DISCLAIMER: This site is a mirror of original one that was once available at http://iki.fi/~tuomov/b/

LaTeX is great for scientific articles, prose and other simple documents. It, however, terribly fails on more complex documents, especially ones with lots of tables and tabulated information with big fields, such as program API documentation. Not only are most of the related packages broken and mutually incompatible, with most people who know low-level TeX having switched from writing rocking software to rocking chairs. Conversion to other formats such as HTML is also a major problem.

To convert (La)TeX to other formats, one has to re-implement almost every package beginning from a parser, as every TeX package may parse the input itself and create its own syntax – and many do. Clearly that means a lot of work for format conversion. Such a design decision would be a big mistake in a modern language. But TeX isn't modern. It was designed with computers with very limited memory in mind. In such a case an almost full-featured programming language that TeX is may come into question. In a modern document markup language, there should, however, be clear separation between syntax and semantics; clear separation between markup and packages that implement commands, environments and tags. Document markup and packages should not be implemented in the same language even. The two tasks are of very different nature, and hence a language that fits both tasks is suboptimal for both.

Unfortunately, the world seems to have concentrated on producing WYSIWYG word processors and other office package rubbish, and XML, instead of creating an improved LaTeX-like system. Neither are an answer to any problem. They're big problems themselves. Most documents should be written with the semantics of different elements in mind. WYSIWYG hides that, and the documents tend to become a totally unmanageable mess. It is true that word processors do provide ways to insert "sections" and other such elements in documents, but these tend to be more stylistic than semantic. It has happened that Word has decided to adopt what little "semantics" it supports based on style, and on the other hand, lost semantics when style has changed. WYSIWYM seems a slighly more promising approach, but unfortunately there's little work in that department beyond LyX to my knowledge. Although WYSIWYG, TeXmacs isn't all bad either, as most of its constructs are actually rather semantic – and it supports input in the form of commands – but it does hide a lot of detail crucial for editing that a WYSIWYM or pure markup approach wouldn't hide.

XML is not an answer, because being very verbose, it's not human-readable, let alone writable. A documentation markup language should be human-readable and writable in order to not force people to use editors (usually WIMP crap these days) that are far inferior to their favourite text editors with long history. The same applies to configuration file languages. XML isn't suited for either. The only tasks I can think of XML suited for, is protocol data, and even there a binary format might be better, as XML is quite inefficient uncompressed. But the XML people clearly think it's a silver bullet. They've even embedded formidably inefficient programming language constructs in the syntax in XSLT etc.

However, XML is not all bad for all tasks.
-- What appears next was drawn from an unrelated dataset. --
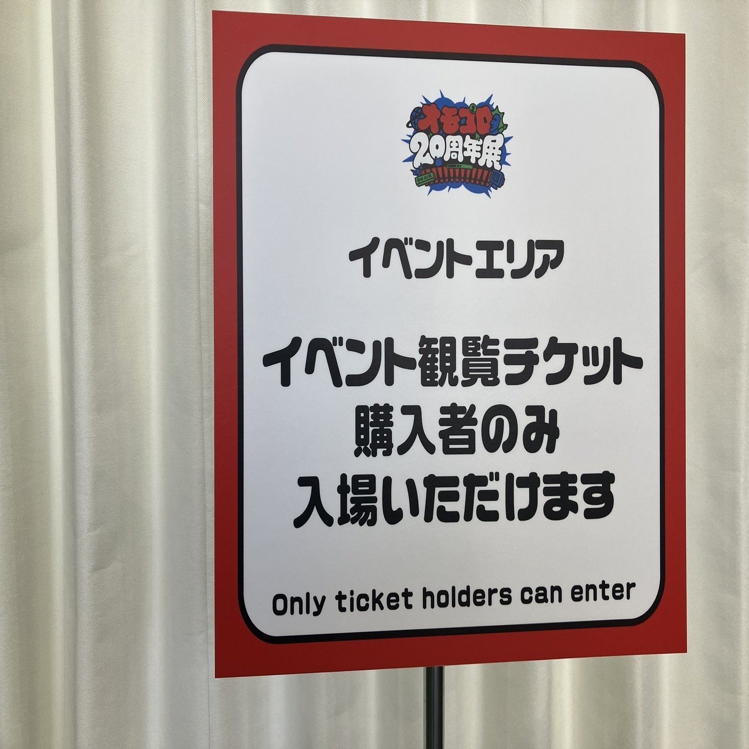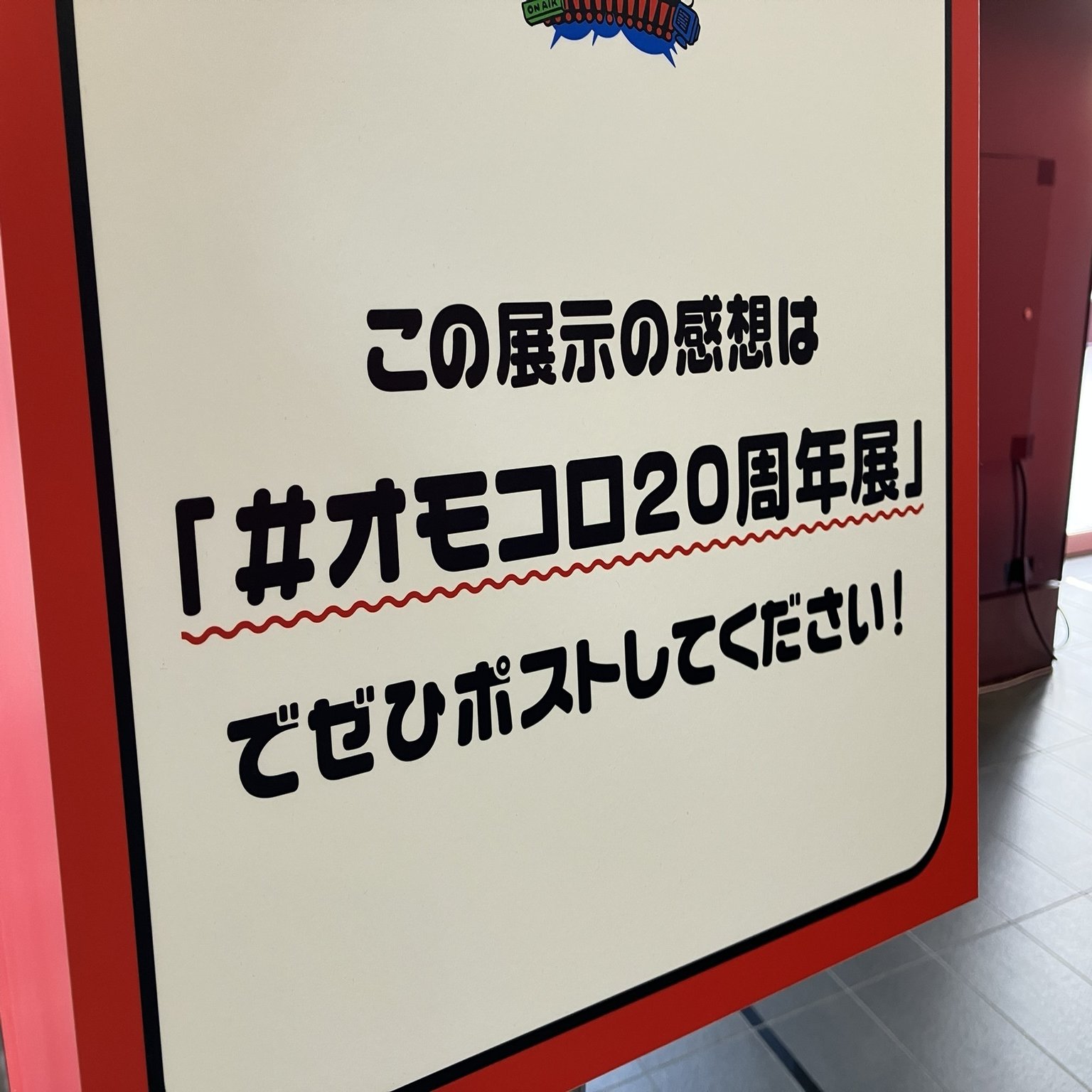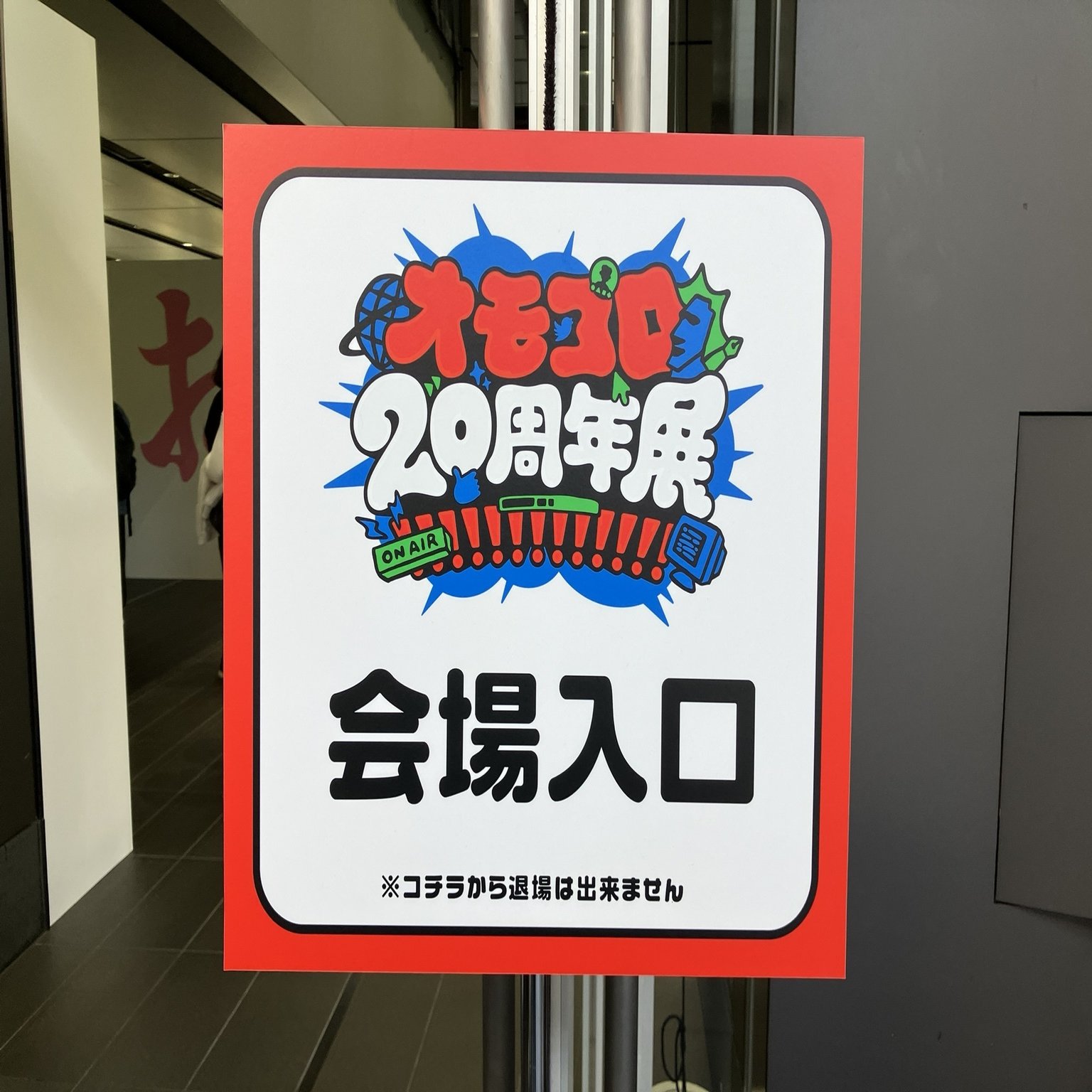 いきなり『オモコロ20周年展!!!!!!!!!!!!!』の大看板がお出迎え。

The fundamental ideas are pretty much right (as long as you forget those programming/transformation language hacks that should be done with a real programming language for the most part). It's just the syntax that could just as well be binary given its current form. For documentation purposes, changing <foo bar=baz>quk</foo> to TeX-style \foo[bar=baz]{quk} would go far in making the syntax more readable (with alternative but equivalent \begin[bar=baz]{foo} … quk … \end{foo} syntax for bigger "environments"). It's not enough, however. (La)TeX has many other shortcuts that make editing less laboursome, while XML-based formats tend to use heavy markup. These include paragraph separation, where an empy line suffices in TeX while e.g. DocBook requires enclosing paragraphs in <para>-tags. XML-based formats also often tend to be too semantic, even, requiring a lot of information and tags everywhere. (LaTeX could at times be more semantic).

Other TeX niceties include a very usable and for the basic parts very natural maths mode: '$' for marking inline maths mode, '_' (underscore) for subscripts, and '^' for supscripts. Contrast this with MathML that is even less human-editable than XML formats in general, or even Lout that has a very "unsyntactic" maths mode: x sub i sup 2 (IIRC - lout.org seems to be missing documentation at the time of writing this) for what would be x_i^2 in TeX. I don't even want to know the MathML for that.

And, yes, Lout isn't much better than LaTeX. It does facilitate creation of new document styles, but it also has "plastic" syntax. As for ConTeXt, while it may avoid some of the incompatibility problems of LaTeX packages, it does not seem to be very semantically-geared, and I suppose it will have very much the same problems with HTML conversion as LaTeX, supposing there were any tools for that.

For technical, non-mathematical documents, it probably wouldn't be a lot of work to write a convertor from LaTeX-style syntax to DocBook. I may infact one day get around to doing that, because Ion documentation is currently in an unbuildable state thanks to some changes in LaTeX packages and ugly hacks in the documentation code itself. But to build a documentation system with all the features of LaTeX and good parts of its syntax, but better implemented, seems to be a lot of work. I think it is imperative to implement one, however. (La)TeX has many problems, and is dying along with the few people who know the obscure TeX language well (as can be seen from the progress on LaTeX3), but the available alternatives are even worse. WYWISYG word processors are a big mistake that are causing a lot of suffering in the world each day, and XML is too heavy for human editing. A language with the fundamental ideas of XML combined with those of LaTeX along with a lighter LaTeX-like syntax should serve the needs of both those who want to edit the markup with a plain old text editor, and those who want to use a WYSIWYM frontend.

Update 2006-04-15 18:37 EEST: Added a few words on ConTeXt.